Wednesday, November 3, 2010

Stewed Okra with Lamb

This is a traditional Egyptian dish served with rice. Okra in Arabic is called "bamya." Bamya is slowly cooked in a tomato sauce with seared lamb chops and of course lots of seasoning. The flavor that the lamb brings to the sauce is really worth the addition. Thanks Mama for teaching me how to make this!

4 lamb chops, seasoned with salt, pepper, chili, and oregano
olive oil and butter
1 diced yellow onion
1 (28 oz) can crushed tomatoes
1/2 cup chicken broth
1/4 tsp all-spice
salt and pepper
2 cups frozen or fresh Okra
1 large garlic clove, finely minced or grated
1 tsp lemon juice, plus more when serving

Slowly cooked in a dutch oven. 

Season the lamb on both sides with salt, pepper, oregano, and chili powder.

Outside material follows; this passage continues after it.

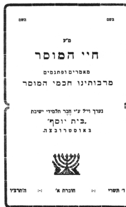
החוברת הראשונה של חי המוסר , אוסטרובצה 1935

לכאורה התשובה טמונה בפריסה המיוחדת של ישיבות התנועה: פיצולן הגאוגרפי שנוצר כבר בתקופת מלחמת העולם הראשונה ונמשך גם לאחריה חייב התארגנות מתאימה ליצירת קשרים בסיסיים ביניהן – אם בצורת "כתיבת המכתבים" ואם באמצעות כתבי עת. אולם דומה שהסיבה עמוקה יותר. לאחר מלחמת העולם הראשונה הואצו תהליכי החילון בחברה היהודית במזרח אירופה. לפני הנוער נפתחו שעריהם של כל מוסדות הלימוד, כולל גימנסיות יהודיות לגוניהן. הישיבות הליטאיות פסקו מלשמש בתי אולפנה יהודיים יחידים ואף חדלו מלהיחשב בציבור הרחב כמוסדות עילית אינטלקטואליים. והנה בתוך עולם ישיבות זה, שפג כביכול זהרו, מצאו אלה הנוברדוקאיות – הלא נורמטיביות – את עצמן בקרן זוית, אם מחמת חריגות ואם מנטייה רצונית להתבדלות. בכוחה של העיתונות היה להפיג רגש בדידות זה בהפיחה בין אלפי חברי תנועת נוברדוק רוח של התאגדות – "הוא אחד מהיסודות והעמודים החזקים בכלל ובפרט, שיצר לכל אחד רוח חזק ורבי-גאון, שכל הרוחות שבעולם לא יזיזו אותו ממקומו, בהרגישו עולמו המיוחד במלא מובן המלה". 96 ואכן, נראה שעתונות זו הצליחה במשימתה. משהחלה התנועה להתפשט מחוץ לגבולותיה הגאוגרפיים הטבעיים אף יצא אחד הביטאונים הנוברדוקאים בהצהרה יומרנית רבת ביטחון: "העבודה תתפשט ותתרחב בהשקפה רחבה – השקפה עולמית, רוח העבודה יתעורר בכל תפוצות הגולה ובארץ, רוח המוסרי יתפעם בכל לב בן תורה ויראה, רוח של הרבצת התורה והרכות מבקשים תמן

Heat olive oil and butter in a dutch oven. Add the diced onions and lamb. Sear the lamb on both sides until browned. Add the crushed tomatoes and chicken broth. Bring to a boil. Reduce the heat to medium low. Cover and let simmer for 45-60 minutes so that meat can cook.

Once fork tender, add the okra and minced garlic. Season with  all-spice and more salt and pepper to taste. Stir gently. Let cook for another 30 minutes. Add the lemon juice and serve hot with steamed rice. Add more lemon juice if you want.